We use Cartographic Boundary Files (cb_* prefix) instead of full TIGER/Line files because:

FeatureCartographic (cb_)Full TIGER (tl_)
DetailSimplified 1:500kHigh detail 1:100k
File SizeSmaller (faster downloads)Larger (slower)
RenderingFaster (optimized for maps)Slower
Water BoundariesClipped at shorelineInclude water features
Use CaseWeb mapping, visualizationDetailed GIS analysis

Recommendation: Use cartographic files for Open Navigator's web-based mapping.

Installation & Setup

Prerequisites

# Shapefile processing requires geopandas
pip install geopandas pyogrio

Download Script

# Download all shapefiles for 2023
python scripts/datasources/census/download_shapefiles.py --year 2023

# Download only states and counties
python scripts/datasources/census/download_shapefiles.py --year 2023 --types states counties

# Download and extract automatically
python scripts/datasources/census/download_shapefiles.py --year 2023 --extract

# Download only ZIP codes
python scripts/datasources/census/download_shapefiles.py --year 2023 --types zcta

Data Storage

Downloaded shapefiles are cached in:

data/cache/census/shapefiles/{year}/
├── cb_2023_us_state_500k.zip
├── cb_2023_us_county_500k.zip
└── cb_2023_us_zcta520_500k.zip

Extracted files (if --extract used):

data/cache/census/shapefiles/{year}/
├── cb_2023_us_state_500k/
│ ├── cb_2023_us_state_500k.shp # Geometry
│ ├── cb_2023_us_state_500k.shx # Shape index
│ ├── cb_2023_us_state_500k.dbf # Attributes
│ ├── cb_2023_us_state_500k.prj # Projection
│ └── cb_2023_us_state_500k.xml # Metadata
├── cb_2023_us_county_500k/
└── cb_2023_us_zcta520_500k/

Loading Shapefiles

import geopandas as gpd
from pathlib import Path

# Load from ZIP (no extraction needed!)
states = gpd.read_file("data/cache/census/shapefiles/2023/cb_2023_us_state_500k.zip")

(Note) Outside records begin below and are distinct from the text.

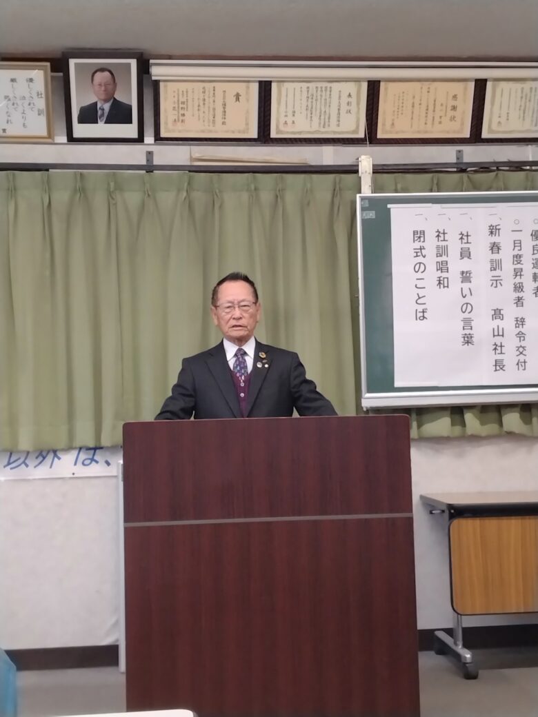 年頭式を行いました 2025年1月6日 新着情報 twitterfacebookLINEpocketPinteresthatena 明けましておめでとうございます。 今年は、昨年よりもさらに良い年になりますようお祈り申し上げます。 さて、本日年頭式が行われました。 社長より新年の訓示があり、「今年も頑張ろう!」と心新たに誓いました。 永年勤続 31名 無事故・無違反運転者 25名 優良社員推薦 22名 計78名のかたが表彰され表彰状と記念品が授与されました。 勤務の都合で残念ながら参加できないかたもいましたが 後日お渡しします。 おめでとうございました!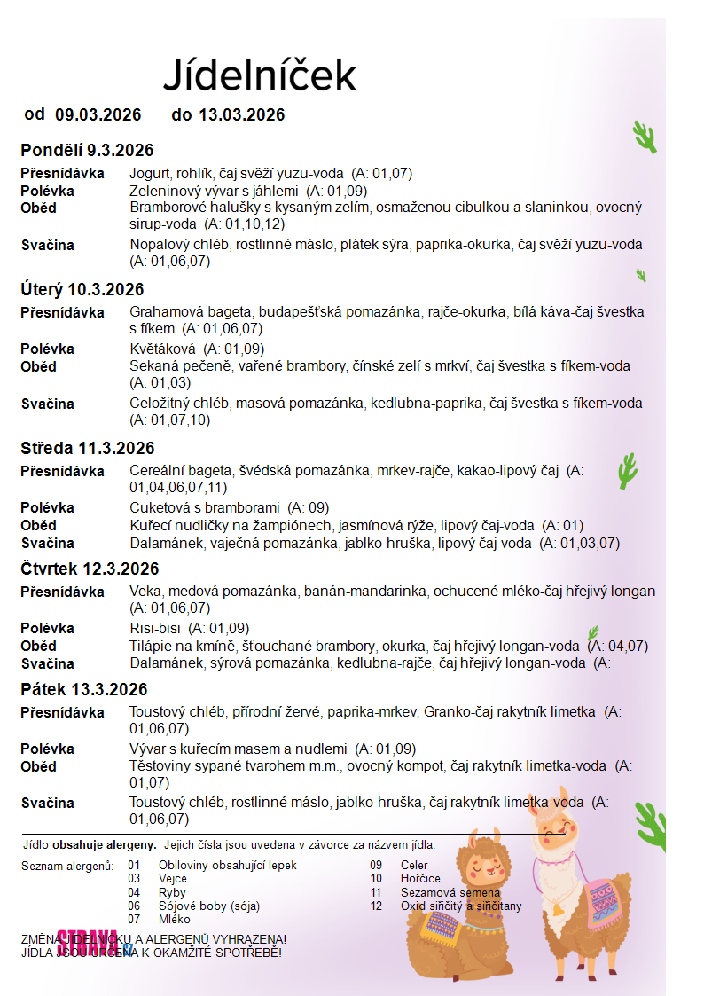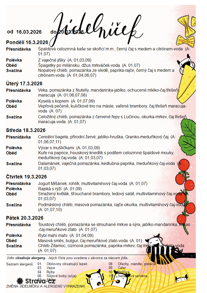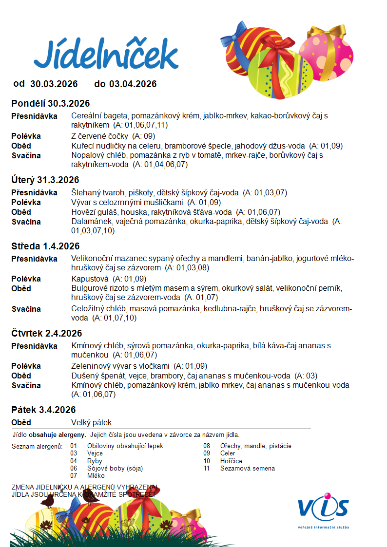 • Jídelníček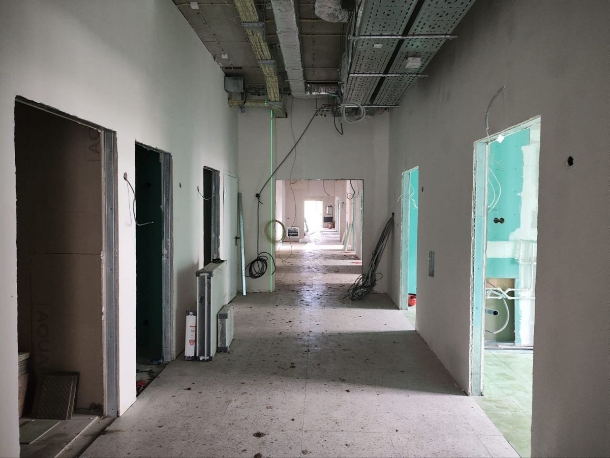 Сейчас строители ведут монтаж систем вентиляции и дымоудаления, прокладывают электросети первого этажа, возводят перегородки из гипсокартона и укладывают керамогранит на полы. На втором этаже продолжается устройство вентилируемого фасада, монтаж отопления и внутреннего водопровода. Начались и работы по благоустройству территории вокруг здания.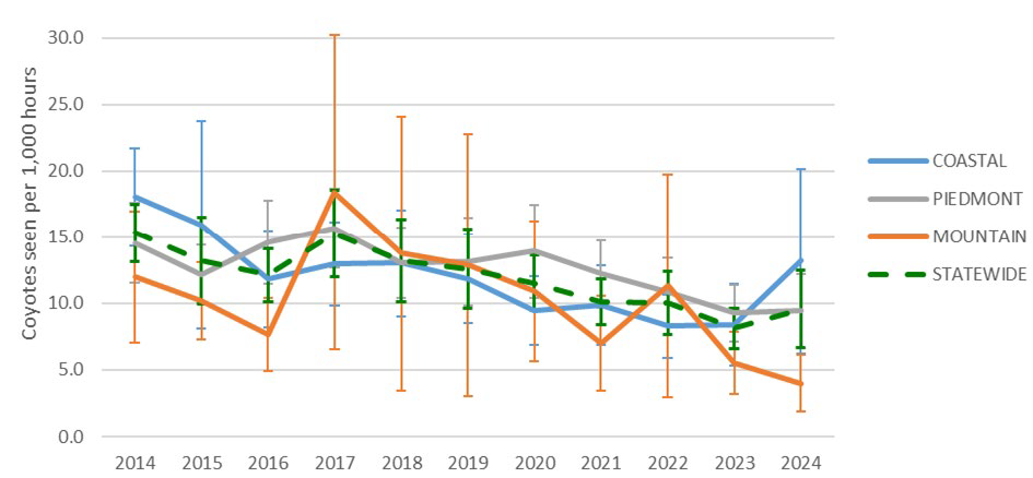 There is evidence that observation rates for coyotes have decreased across the Coastal, Piedmont, and Mountain management units over the past 11 years (Figure 5). Spatial results match that of other indices the NCWRC uses to track coyote population distributions which indicate that populations are fully distributed across the state.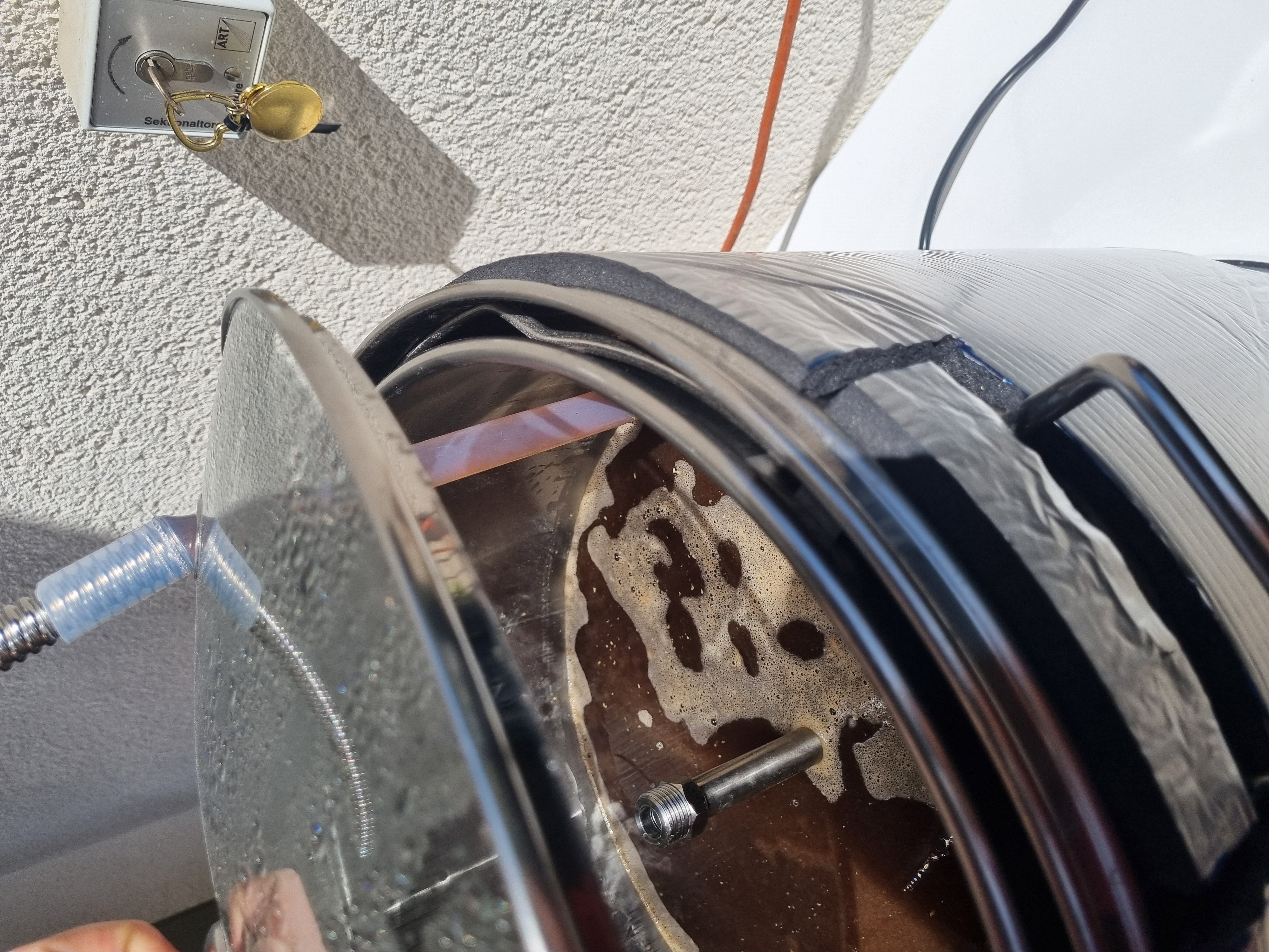 Das alles half mir aber der Situation gar nix, weil die Temperatur schon über die 19 Grad kletterte. Alle zwei Stunden muss man den Behälter mit dem kalten Wasser neu füllen. Und wenn man nicht genug Eis hat, bringt das auch nicht wirklich viel. Also kurzerhand umgebaut, den Kühlschlauch direkt an die Wasserleitung angeschlossen und auf ca. 6 Liter / Stunde Durchflussmenge eingestellt. Damit hält das Wasser im Stutzen 14,5 Grad, das Bier bleibt zumindest unter der 19-Grad-Marke. Über den Wasserverbrauch reden wir jetzt mal besser nicht. Das muss in Zukunft besser vorbereitet werden.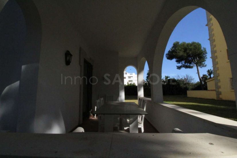 Es un amplio apartamento en Planta baja, Reformado Recientemente es de 3 dormitorios y 3 baños con varias terrazas con acceso a los cuidados jardines y gran luminosidad, la cocina americana integrada en el salón con electrodomesticos de Alta Gama incluso tiene el detalle de la vitrocerámica es de color blanco. Luego tiene 2 dormitorios principales con baños en suite respectivamente y uno de ellos orientado al sur tiene salida a una 2da terraza. Estos 2 baños dan al exterior por lo que tienen gran luminosidad y ventilación. El 3r dormitorio en la zona de la entrada tiene a su lado otro baño con ducha amplio y para invitados. Este 3er dormitorio tiene salida a una 3ª y gran terraza con orientación al oeste y sol de tarde. Esta terraza oeste, comunicada con la terraza principal de salida desde el salón, y esta parte tiene zona porticada preciosa.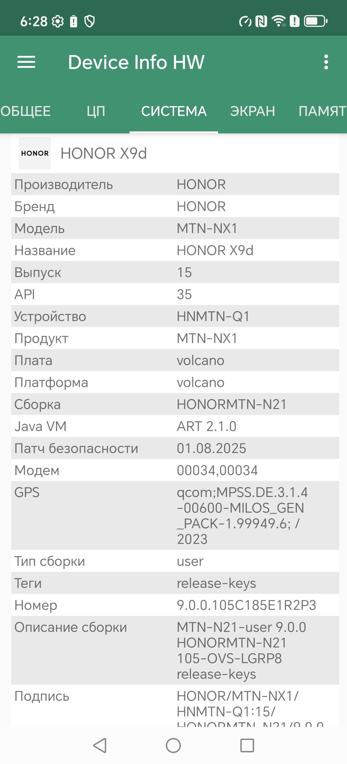 Основные характеристики Honor X9d (модель MTN-NX1)

# Or from extracted directory
states = gpd.read_file("data/cache/census/shapefiles/2023/cb_2023_us_state_500k/cb_2023_us_state_500k.shp")

# View data
print(states.head())
print(f"Total states: {len(states)}")
print(f"CRS: {states.crs}") # Should be EPSG:4269 (NAD83)

Key Attributes

States

  • STATEFP - State FIPS code (2 digits)
  • STUSPS - State postal abbreviation (2 letters)
  • NAME - State name
  • ALAND - Land area (square meters)
  • AWATER - Water area (square meters)

Counties

  • STATEFP - State FIPS code
  • COUNTYFP - County FIPS code (3 digits)
  • GEOID - Combined state+county FIPS (5 digits)
  • NAME - County name
  • NAMELSAD - Full name with legal/statistical designation

ZCTAs

  • ZCTA5CE20 - 5-digit ZCTA code
  • ALAND - Land area (square meters)
  • AWATER - Water area (square meters)

Conversion to Other Formats

GeoJSON (for web mapping)

import geopandas as gpd

# Load shapefile
states = gpd.read_file("data/cache/census/shapefiles/2023/cb_2023_us_state_500k.zip")

# Convert to Web Mercator for web maps
states_web = states.to_crs("EPSG:3857")

# Save as GeoJSON
states_web.to_file("data/gold/boundaries/states.geojson", driver="GeoJSON")

GeoParquet (for efficient storage)

import geopandas as gpd

# Load shapefile
counties = gpd.read_file("data/cache/census/shapefiles/2023/cb_2023_us_county_500k.zip")

# Save as GeoParquet (smaller, faster than GeoJSON)
counties.to_parquet("data/gold/boundaries/counties.parquet")

# Load back
counties = gpd.read_parquet("data/gold/boundaries/counties.parquet")

Simplified Geometries (for faster rendering)

import geopandas as gpd

# Load and simplify
zcta = gpd.read_file("data/cache/census/shapefiles/2023/cb_2023_us_zcta520_500k.zip")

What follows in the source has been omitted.